Do 26 sierpnia uczelnie, studenci, absolwenci i pracodawcy mogą wypełniać w Internecie ankiety, na podstawie których w połowie września powstaną raport podsumowujący wyniki badania oraz ranking uczelni wyższych. Na podstawie rankingu, wyłoniona zostanie grupa uczelni, którym zostanie nadany tytuł honorowy Uczelnia Przyjazna Pracodawcom. – Tytuł ma wyróżniać szkoły wyższe, które „dostarczają" na rynek pracy odpowiednio przygotowanych absolwentów i mają istotny udział w budowaniu przewagi konkurencyjnej i pozycji rynkowej przedsiębiorstw – mówi Michał Rzepnikowski, koordynator projektu z firmy eDialog.
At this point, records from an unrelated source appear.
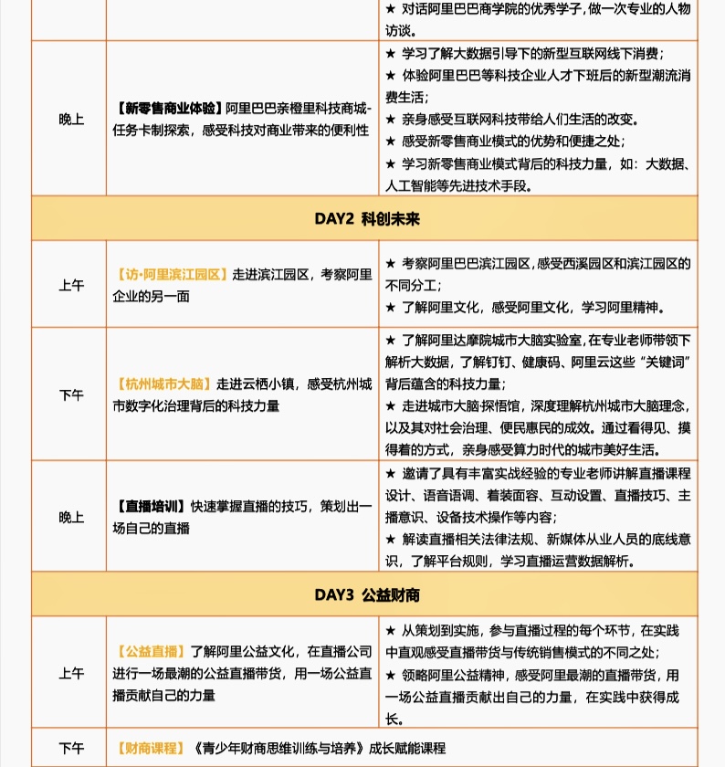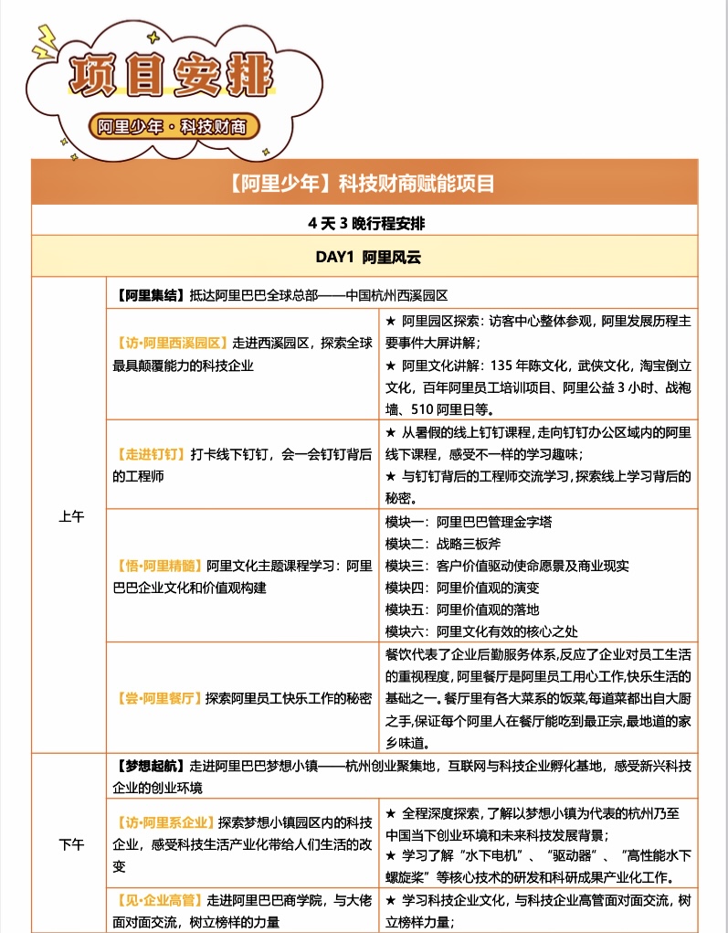 深度进入阿里巴巴企业集团公司,了解内部运营和构造,让孩子提前了解,世界百强企业。因为线路比较特殊,名额有限,尽早报名!
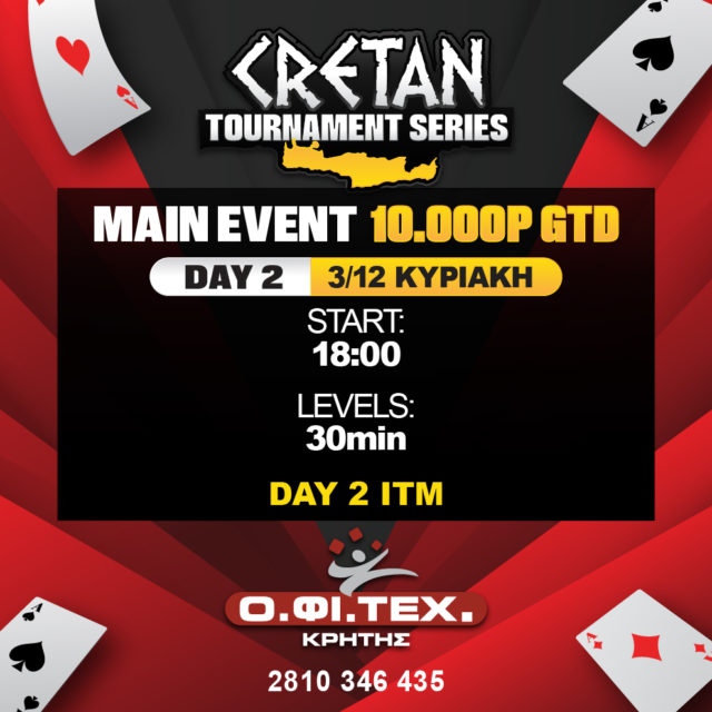 και τη Day 2 του Cretan main event (10.000p gtd) στο Ηράκλειο Κρήτης
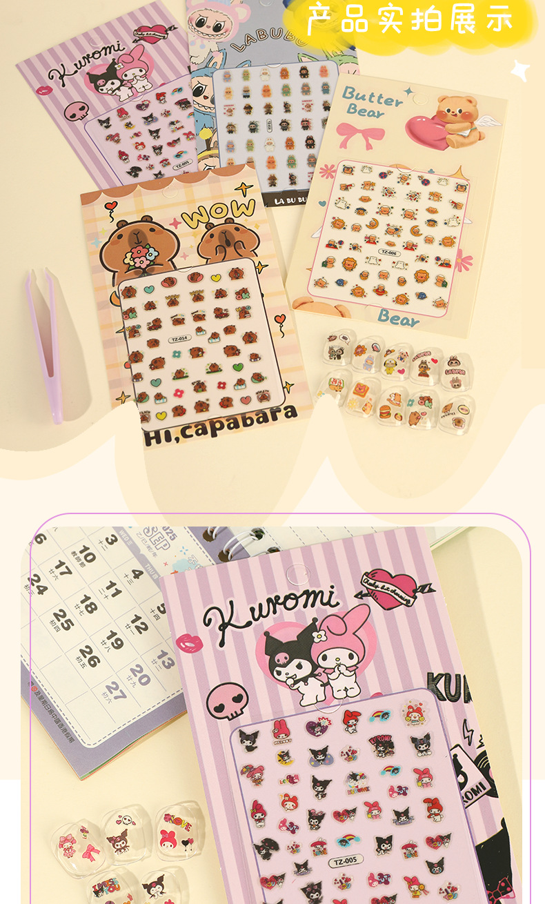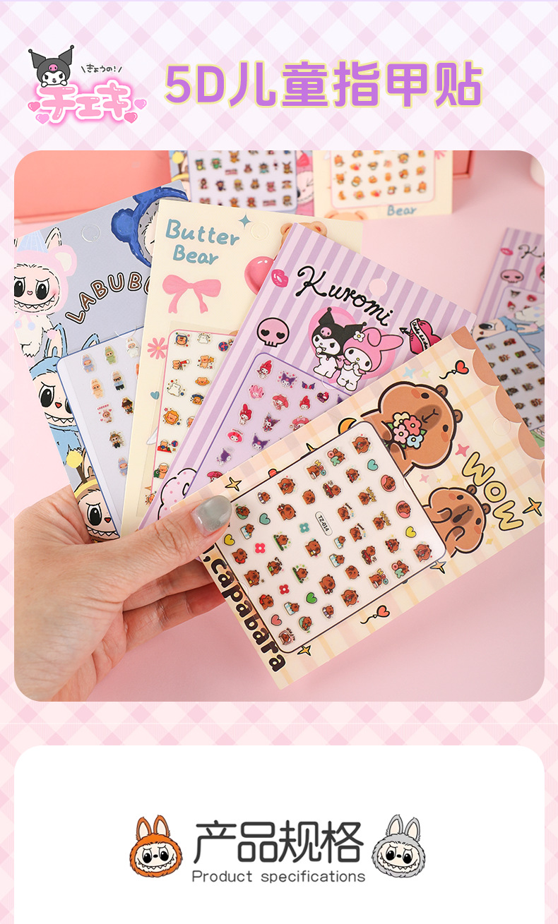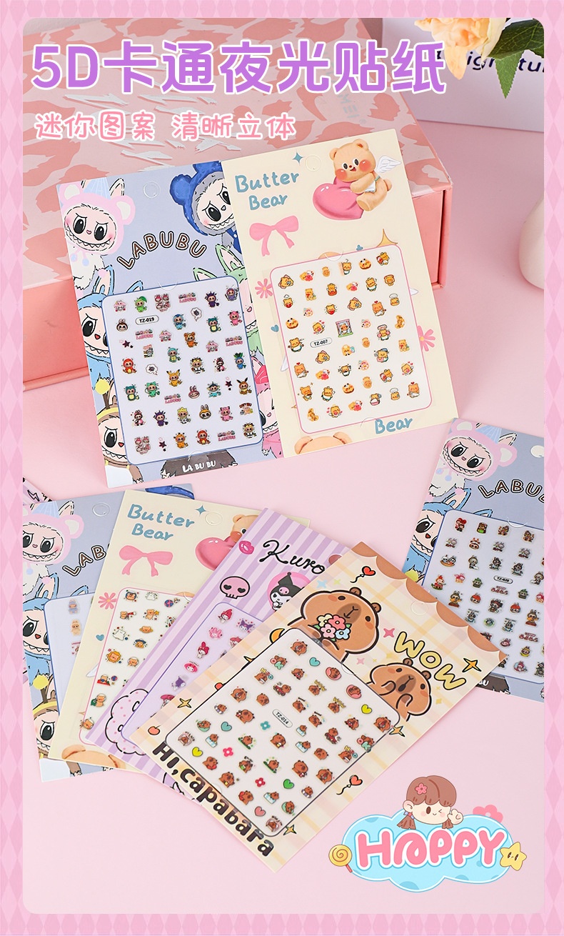 Лабубу 5D светящиеся наклейки для ногтей, мультяшные наклейки для девочек, водонепроницаемые декоративные наклейки для ногтей
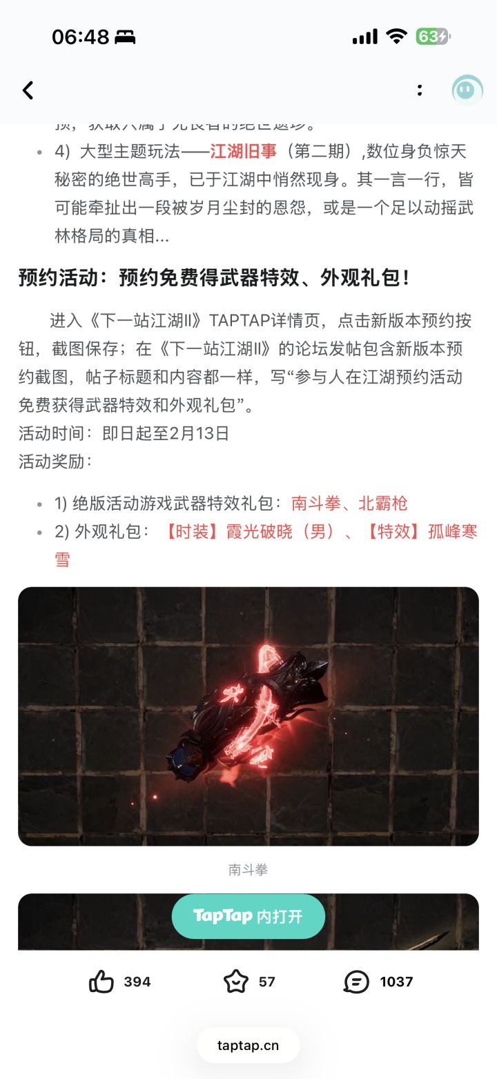 参与人在江湖预约活动免费获得武器特效和外观礼包
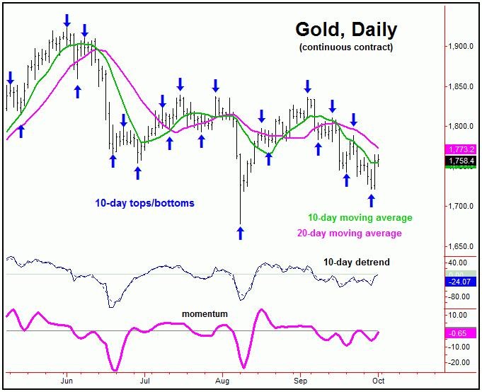 For the near-term picture, as noted last weekend another short-term low was due to materialize for Gold, coming again as the result of the 10-day cycle, shown below:
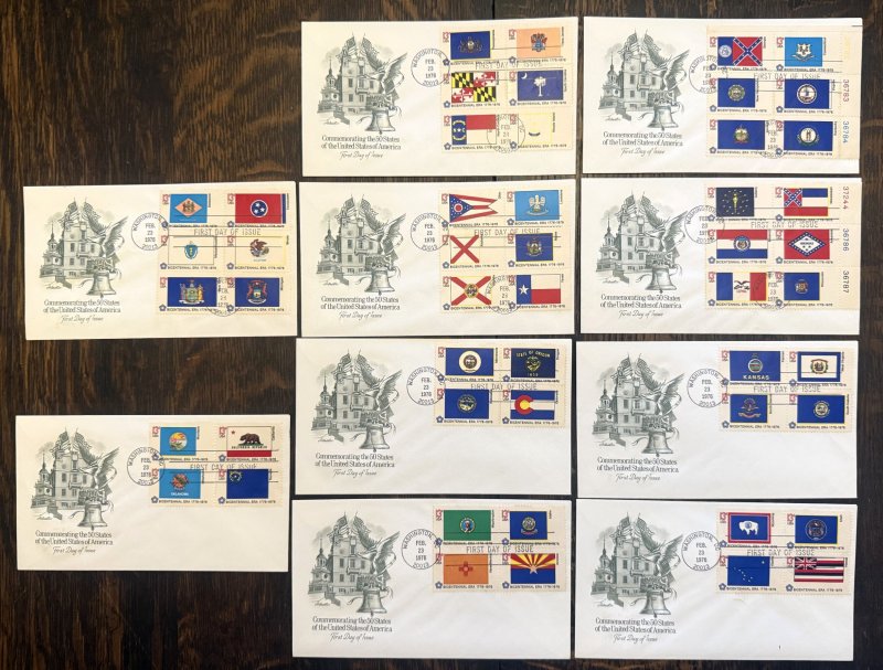 Scott 1633-1682 American Bicentennial flags issue on a combination of plate blocks, blocks and pairs, (the two covers on the left of the first picture are actually vertical strips, placed close together to look like blocks) set of ten Artmaster cachet, FDC, format = multiple, flaps are open and covers are un-addressed.Member AFDCS / APS and longtime seller of quality covers on multiple auction sites.

Udział w badaniu jest bezpłatny. – Ma ono wskazać uczelniom, jak kształcić studentów, by po studiach było im łatwiej na rynku pracy. Ważny jest także głos pracodawców, którzy będą mogli zatrudniać absolwentów dobrze wykształconych, z odpowiednimi kwalifikacjami. A to przełoży się na zmniejszenie kosztów szkoleń i zwiększenie efektywności – mówi koordynator.
Od uczelni organizatorzy oczekują wypełnienia ankiety, umieszczenia na stronach internetowych informacji o badaniu, zmotywowania studentów i absolwentów oraz współpracujących ze szkołami pracodawców do wypełniania adresowanych do nich ankiet. – Wypełnienie formularza zajmuje kilka minut. Zainteresowanie jest spore, przez pierwsze trzy tygodnie od rozpoczęcia projektu, wpłynęło tyle samo ankiet co w pierwszej edycji badania – dodaje Michał Rzepnikowski. Do projektu przystąpiło już wiele uczelni, m.in. Uniwersytet Śląski. – Projekt ma się przyczynić do zapewnienia studentom i absolwentom możliwie najlepszego startu na rynku pracy, dlatego warto wziąć w nim udział i wypełnić ankietę – mówi dr Magdalena Ochwat, rzecznik Uniwersytetu Śląskiego.
W drugiej dekadzie października odbędzie się konferencja podsumowująca projekt, podczas której wyróżnione uczelnie otrzymają statuetki. W zeszłym roku trafiły one do Politechniki Warszawskiej, Szkoły Głównej Handlowej, Społecznej Wyższej Szkoły Przedsiębiorczości i Zarządzania, Uniwersytetu Warszawskiego, Politechniki Gdańskiej, Politechniki Krakowskiej im. Tadeusza Kościuszki, Uniwersytetu Marii Curie-Skłodowskiej w Lublinie i Uniwersytetu Ekonomicznego w Krakowie.
Zeszłoroczne badanie pokazało, że dla pracodawców przy zatrudnianiu pracownika najważniejsze są wiedza i umiejętności kandydata na konkretne stanowisko, to zaś jaką uczelnię ukończył pracownik, jest sprawą drugorzędną. Pracodawcy oceniali także przygotowanie teoretyczne absolwentów uczelni. W skali od 1 do 10 szkoły dostały notę 7,4 za przygotowanie teoretyczne i tylko 5,76 za praktyczne. Zdaniem szefów firm największy deficyt umiejętności występuje właśnie w łączeniu teorii z praktyką, dlatego szkoły wyższe powinny położyć nacisk na praktykę. Nie jest to możliwe bez współpracy uczelni z firmami, a ona powinna polegać m.in. na umożliwieniu studentom zdobywania doświadczenia i umiejętności w ramach staży lub praktyk.